Habakkuk was confused and frustrated. He saw injustice and suffering and asked God directly, “Why aren’t you doing something?” God’s answer is striking: I am doing something. And it will come at exactly the right time.
God’s timing is not our timing. Sometimes our prayers aren’t answered when or how we had hoped. But God’s purposes are never thwarted, and he is working in the waiting.
Seasons of waiting are not seasons of divine inaction. They are seasons of divine preparation.
5. WAITING HAS A PURPOSE WE CAN’T ALWAYS SEE
“And we know that in all things God works for the good of those who love him, who have been called according to his purpose.” | Romans 8:28
There are several things this verse doesn’t say. It doesn’t say that all things will feel good, or that the waiting will be short, or that the outcome will look the way you had imagined.
What it does say is that God is weaving even the painful, confusing, challenging chapters of your story into something purposeful. Joseph didn’t understand why he was in prison. He didn’t have a copy of Genesis to flip ahead to. He just had each day and a God who was present with him in it.
One of the most common lies that seasons of waiting tell us is that time is being wasted. But Romans 8:28 reframes that entirely. The in-between is not a dead time. It’s a formation time.
Here’s another way to consider our waiting times: A seed planted in the ground goes through a period of complete darkness before it breaks through the soil. No one looks at a newly planted garden and says, “What a waste. Nothing is happening.”
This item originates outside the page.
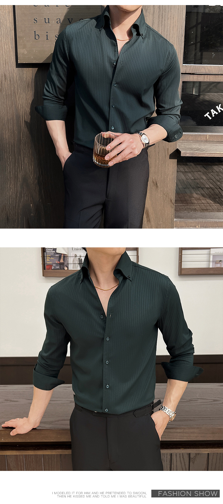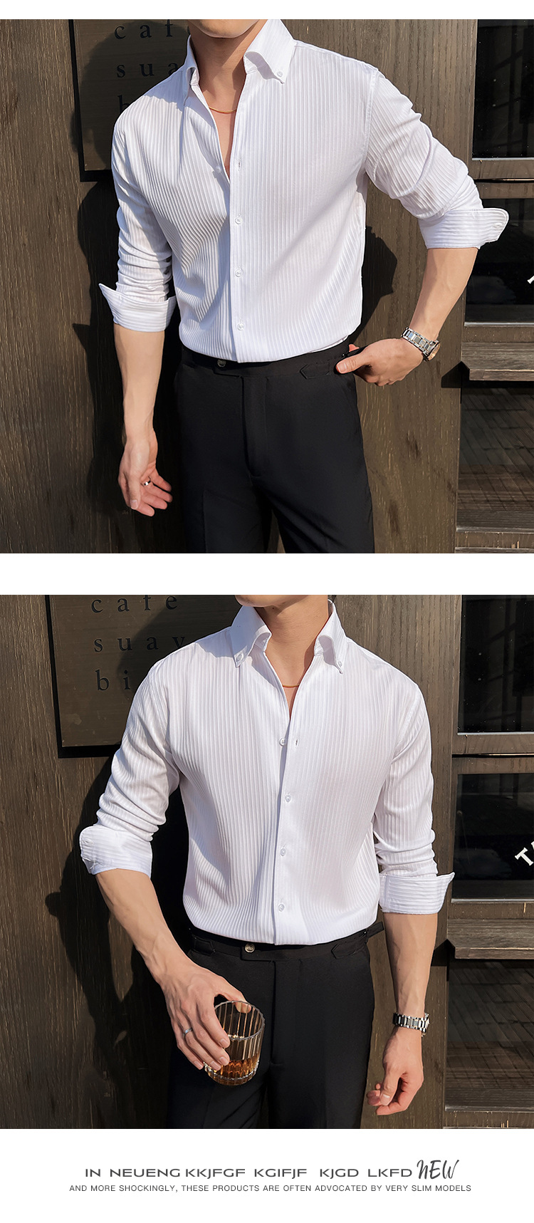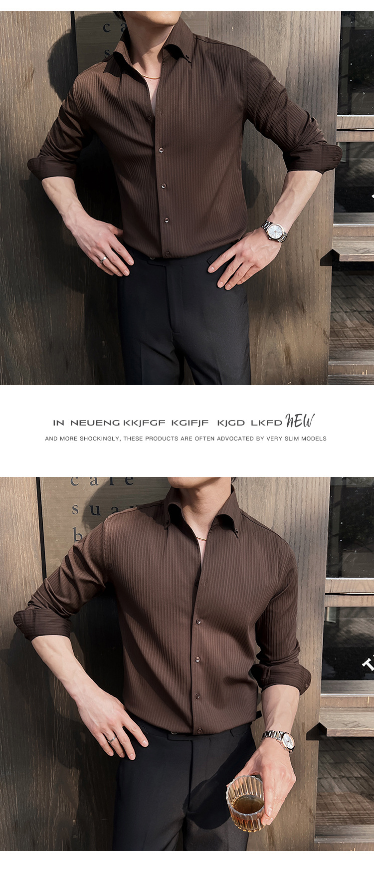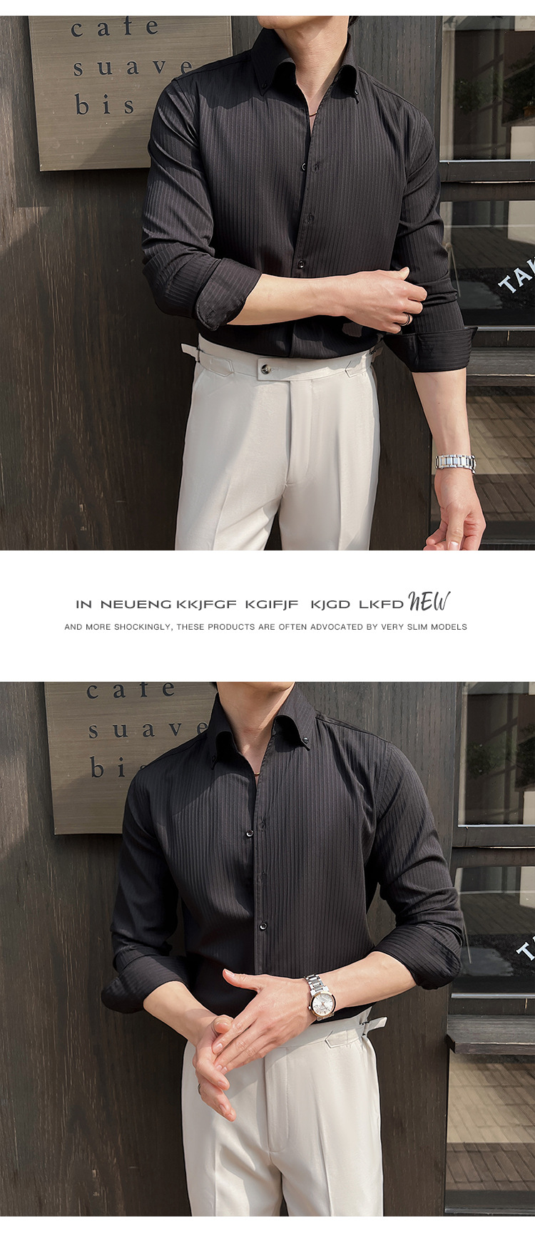 봄 새로운 하이 센스 와플 남성용 스탠드 칼라 셔츠 긴 소매 원활한 드레이프 셔츠 도매 오버웨어 남성용스토어 가기

Something is always happening beneath the surface. You may not be able to see anything right now. But God is working.
REFRAMING: What Does It Mean to Wait on God
Waiting is not the opposite of growth. In the hands of God, waiting is growth. The scriptures about waiting on God remind us that the in-between seasons are often where the deepest growth happens.
If that’s where you find yourself right now, what can you do to stay grounded while you wait?
- Anchor daily in Scripture. Choose one of the above verses – or find your own – and sit with it for a week. Let it become a prayer.
- Stay in community. Don’t isolate yourself. Waiting alone is harder than it needs to be. A life group at Mission Hills can walk through this season with you.
- Journal your wait. There’s a magic in getting thoughts down onto paper. Looking back at where we’ve been also helps us trust where God is taking us next.
- Be honest with God. Pray. Tell him how you feel. God can handle your frustrations, fears, and questions. The Psalms contain some of the most meaningful Bible verses about waiting on God, written by people who knew what it felt like to trust Him in uncertain seasons.
The Bible doesn’t promise that waiting will be easy. But it does promise that God is present in it, purposeful through it, and faithful beyond it. You are not forgotten. You are not alone. You are not behind. You are being built.